Friday, February 9, 2007

Guidelines for Designing Authoring Tools for Children

Developing a new authoring environment for children is a challenging task. To build the tool, I'm going to base on the lesson learned from existing tools and to incorporate the latest ideas from the research in the child-computer interaction field. A set of guidelines for designing the authoring tools for children, especially for game making is formulated. These guidelines are summarized as follows:

a) Consistency. Ease of use with the help of strong-consistency visual, content-specific metaphors usage and as minimum text as possible.

b) Child-friendliness. Putting together the concept of game design and interface design for children including children’s familiarity, consistency, recoverability, instruction, and age-appropriateness.
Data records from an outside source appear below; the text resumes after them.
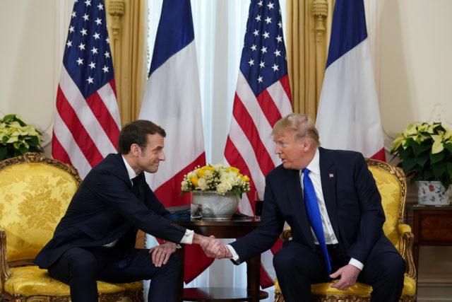 U.S. President Donald Trump and France’s President Emmanuel Macron shake hands as they meet, ahead of the NATO summit in Watford, in London, Britain, December 3, 2019. REUTERS/Kevin Lamarque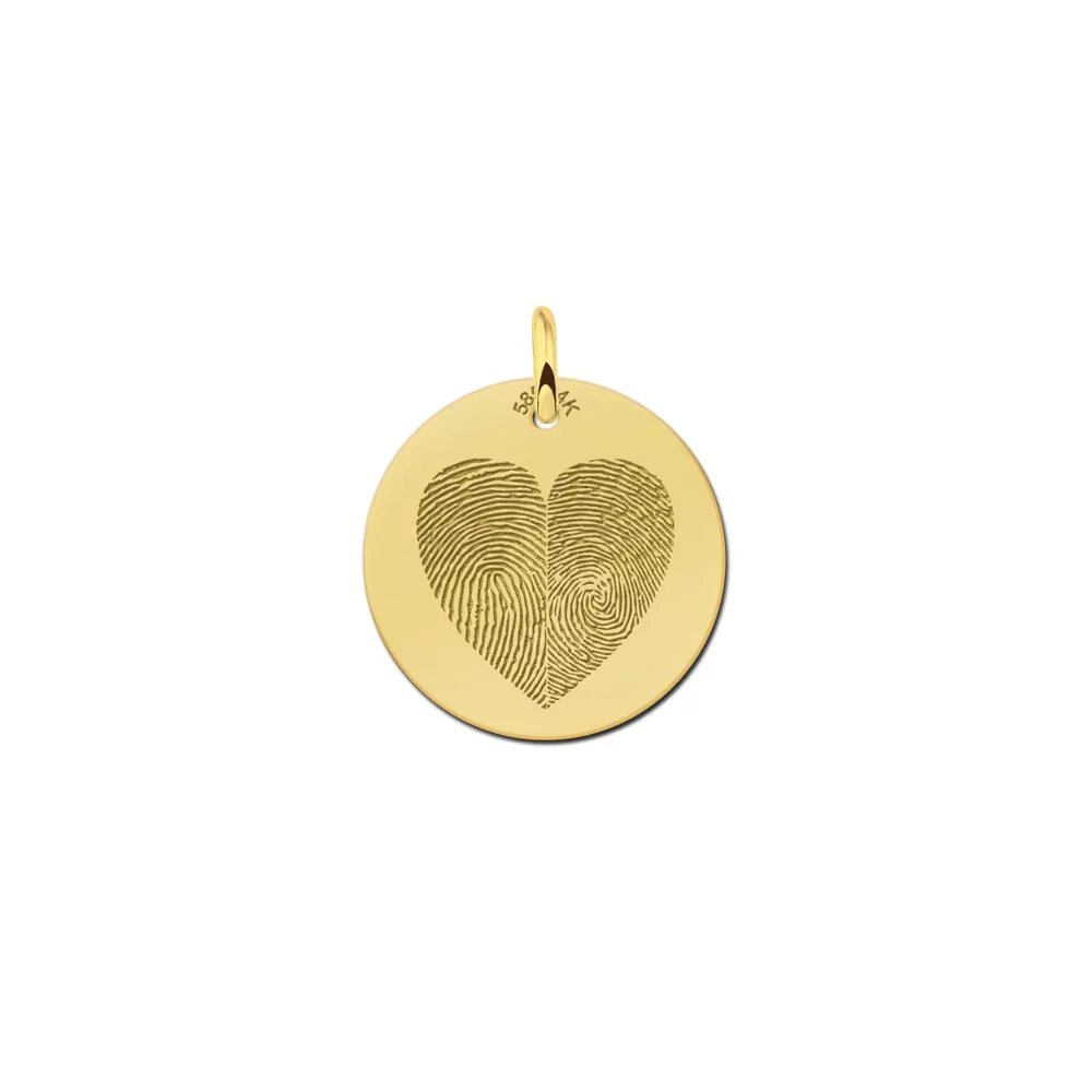 Een prachtige ronde hanger met twee vingerafdrukken in een hartvorm. Met de twee vingerafdrukken wordt het iets unieks.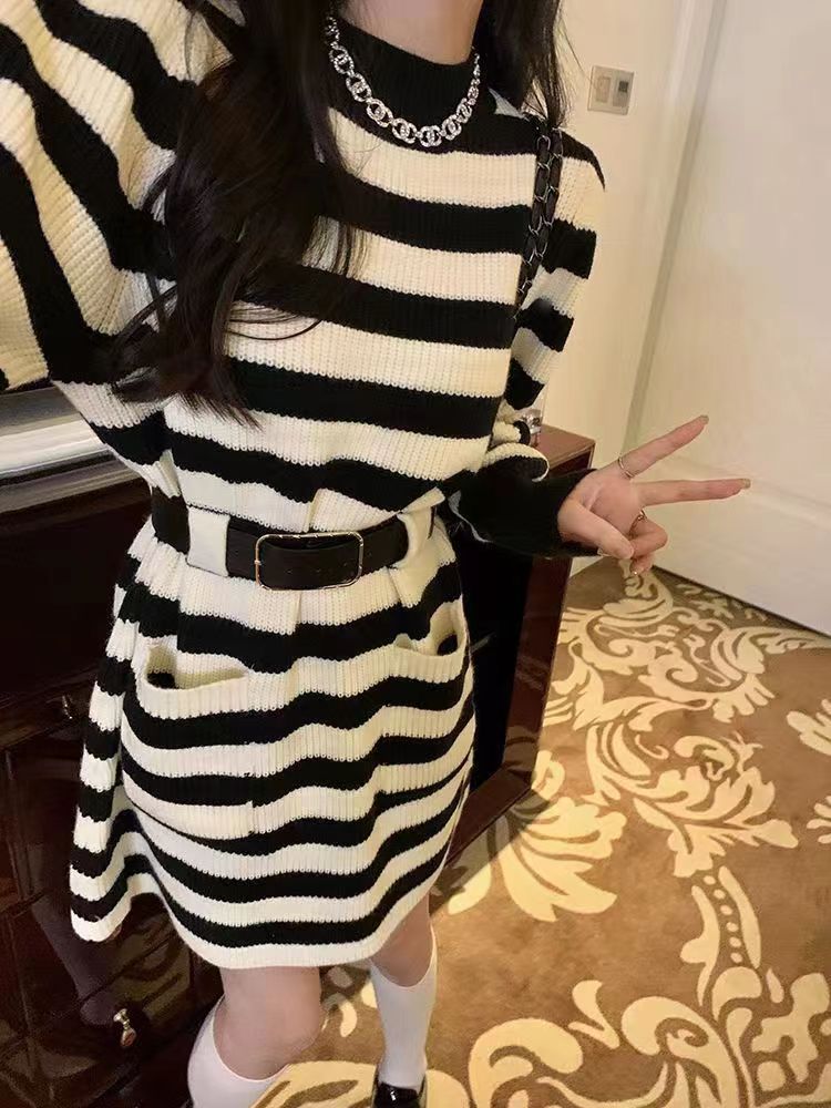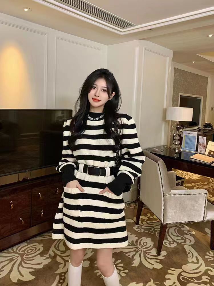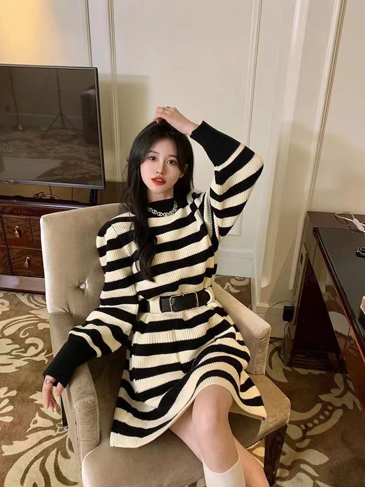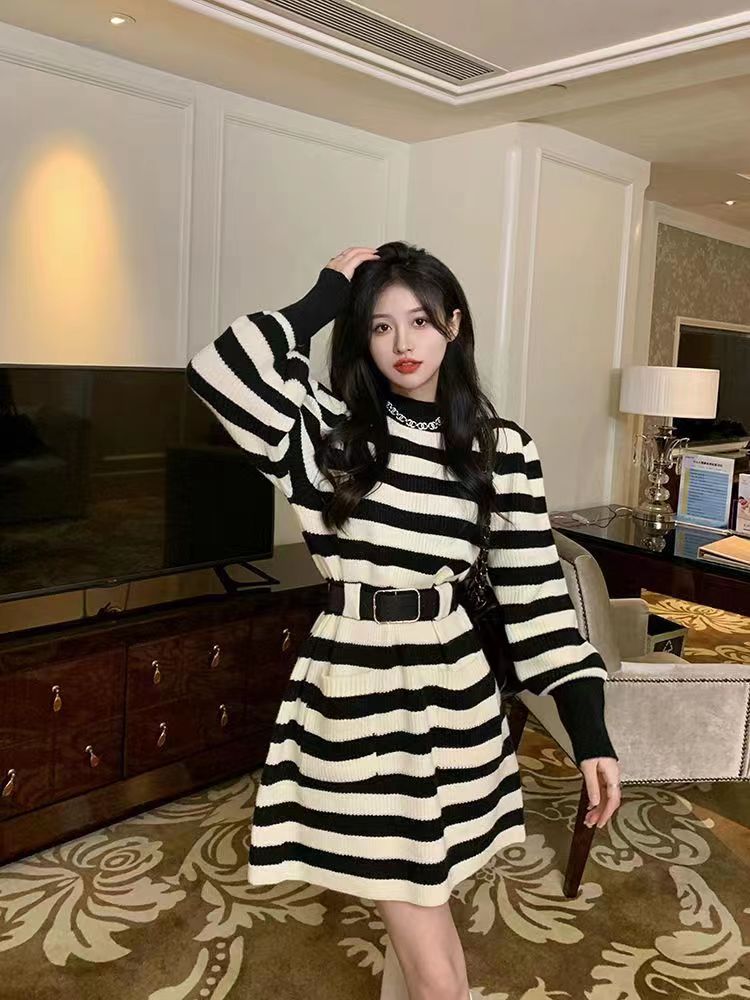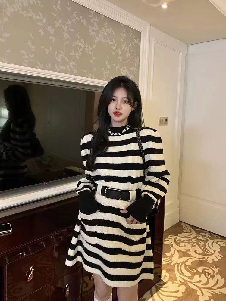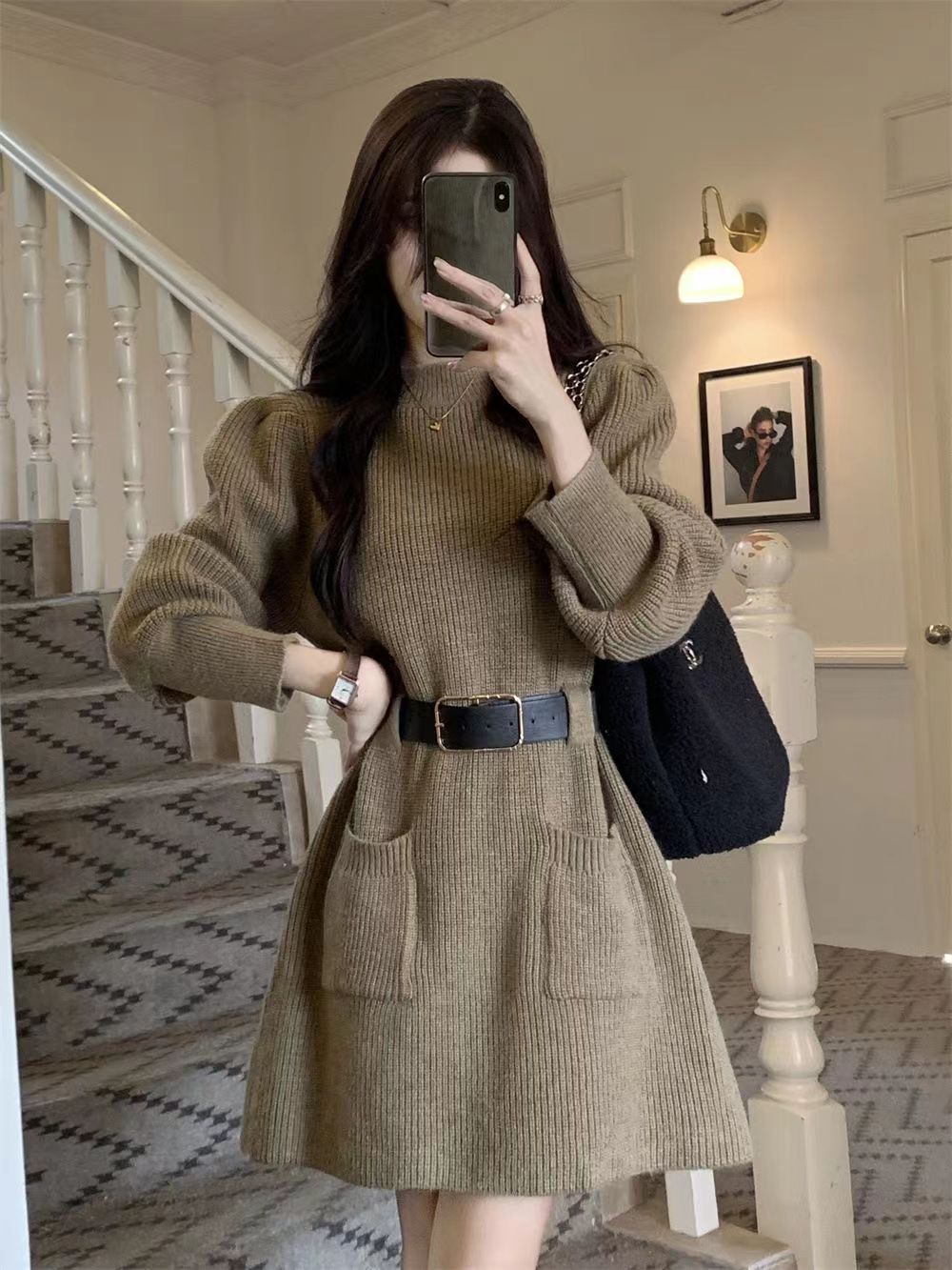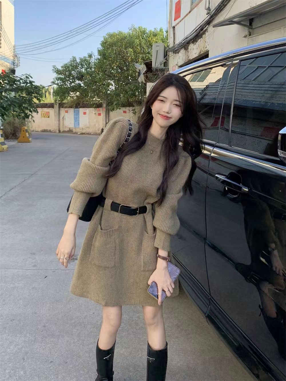 RM28496#法式高级感小个子毛衣裙女秋冬加厚内搭宽松长袖针织打底连衣裙子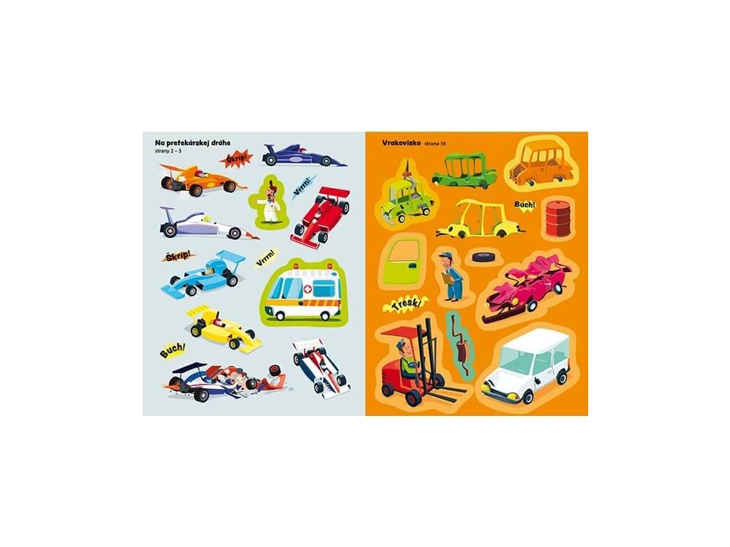 Táto knižka obsahuje viac ako 110 farebných samolepiek s rôznymi autami, ktoré deti môžu umiestňovať na rôzne scény a vytvárať tak jedinečné obrázky.
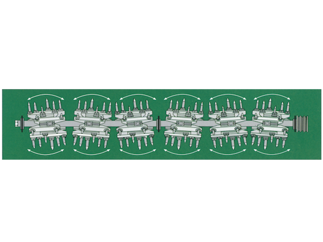 Il meccanismo di funzionamento crea continue oscillazioni, fino 1025 al minuto per ogni dente, creando una frantumazione nel profilo del suolo fino a 15 cm senza nessun danno al manto erboso.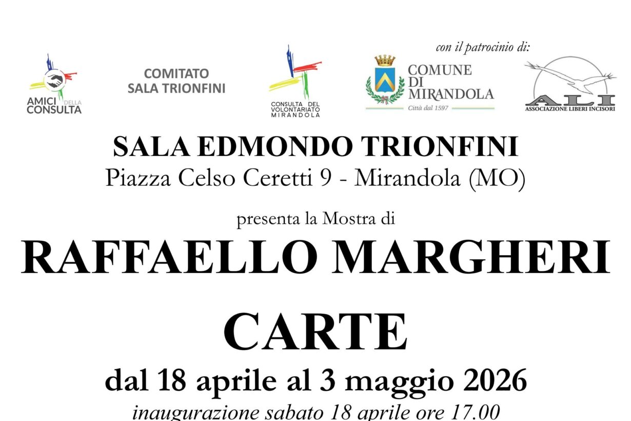 L’Associazione Amici della Consulta, il Comitato Sala Trionfini e la Consulta del Volontariato organizzano, dal 18 aprile al 3 maggio 2026, presso la Sala Edmondo Trionfini in Piazza Celso Ceretti n. 9 a Mirandola, la Mostra “Carte” dell’incisore Raffaello Margheri. L’inaugurazione è prevista sabato 18 aprile alle 17. La mostra, a ingresso libero, si tiene con [...]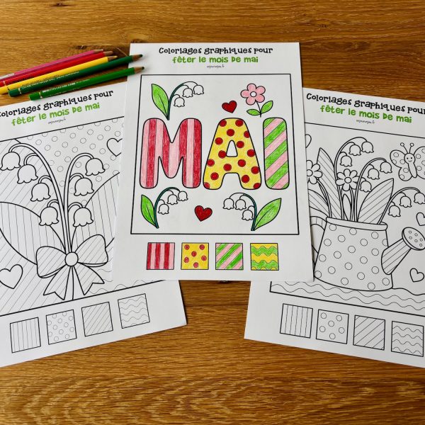 Le mois de mai arrive avec ses fleurs, ses petits bonheurs simples et, bien sûr, ses brins de muguet. Pour l’occasion, je vous propose une petite activité douce et facile à mettre en place avec les enfants : 3 coloriages graphiques sur le thème du printemps et du 1er mai, pensés spécialement pour les enfants dès 3 ans.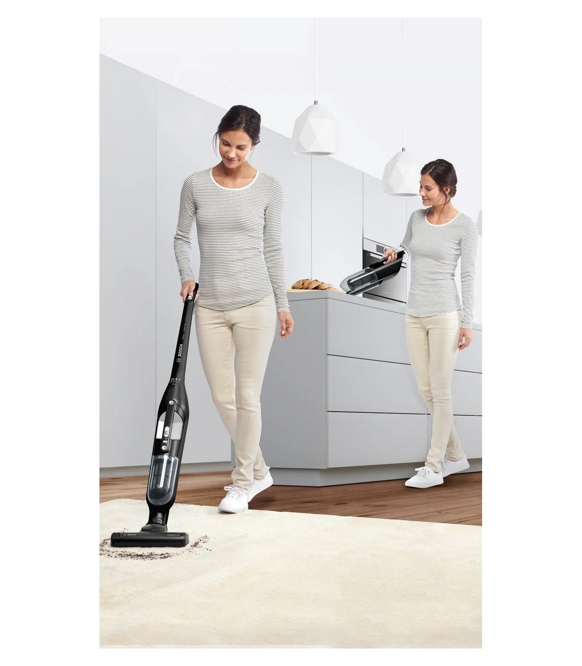 * Kaks-ühes: käsitolmuimeja ja vars-tolmuimeja ühes seadmes, sobib kõikidele põrandapindadele, 2 võimsusastet
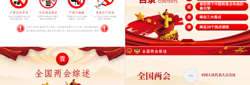 紅色 黨政風(fēng)大氣聚焦2021第十三屆人大政協(xié)會(huì)議奮進(jìn)新征程PPT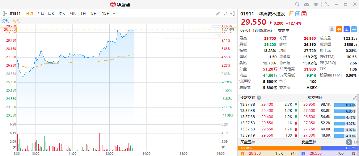 华盛资讯3月1日消息,华兴资本午后持续攀升,一度涨超12%,接连突破所有均线。截至发稿,华兴资本涨12.14%,现报29.55港元每股,暂成交3389万,当前总市值为159.2亿港元。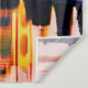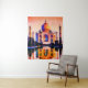 Tapestry in an illustration of the Taj Mahal, reflected in the water, and backed by a deep coral orange sunset sky
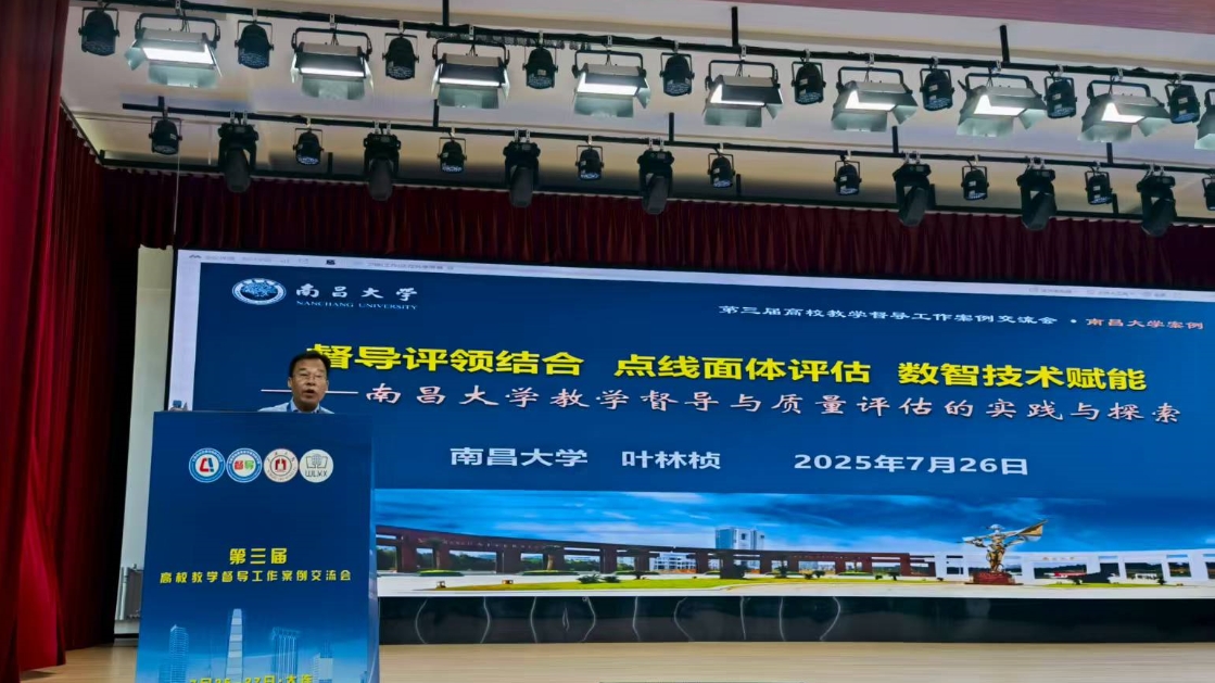 我校教学督导与评估中心主任叶林桢参加会议,并代表学校以“督导评领结合 点线面体评估 数智技术赋能——南昌大学教学督导与教育评估的实践与探索”为题汇报参选案例。案例以“抓好‘六个一’建设教学质保体系的实践”“本科教育教学工作成效”“服务教育强国建设纵深探索健全质保体系”三部分内容展示了我校本科教学督导工作探索的实践、成效与思考。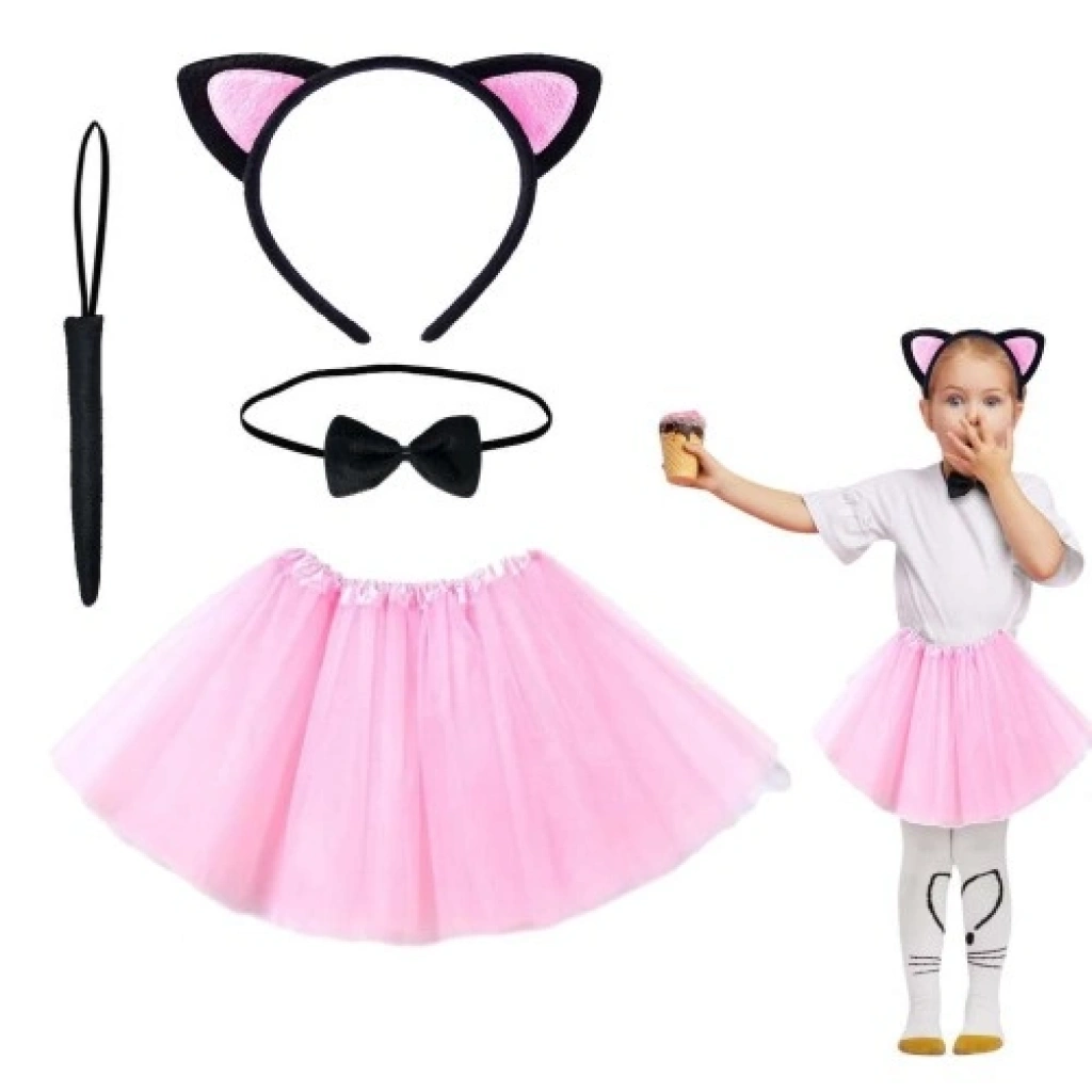 Pembe Renk Etekli Kedi Kostüm Seti (Tütü, Taç, Papyon, Kuyruk)

c) Degrees of functionality. High-level of instructions corresponding to the things children want to represent in their games including producing games that have been supported by the collection of resources such as pictures, animations, sound and interactivity.

d) Staying in the flow. Providing the leverage and exciting environment for children to explore different domains of knowledge in order to capture their individual interests.

e) Reflection. Indication for children to refine their ideas about the games they are making.

f) Familiar conceptual model. Emphasis on the content-area skills including game design, control design, elements design and game mechanic.

g) Familiar way of programming. Understandable style of scripting and authoring that is appropriate for their task.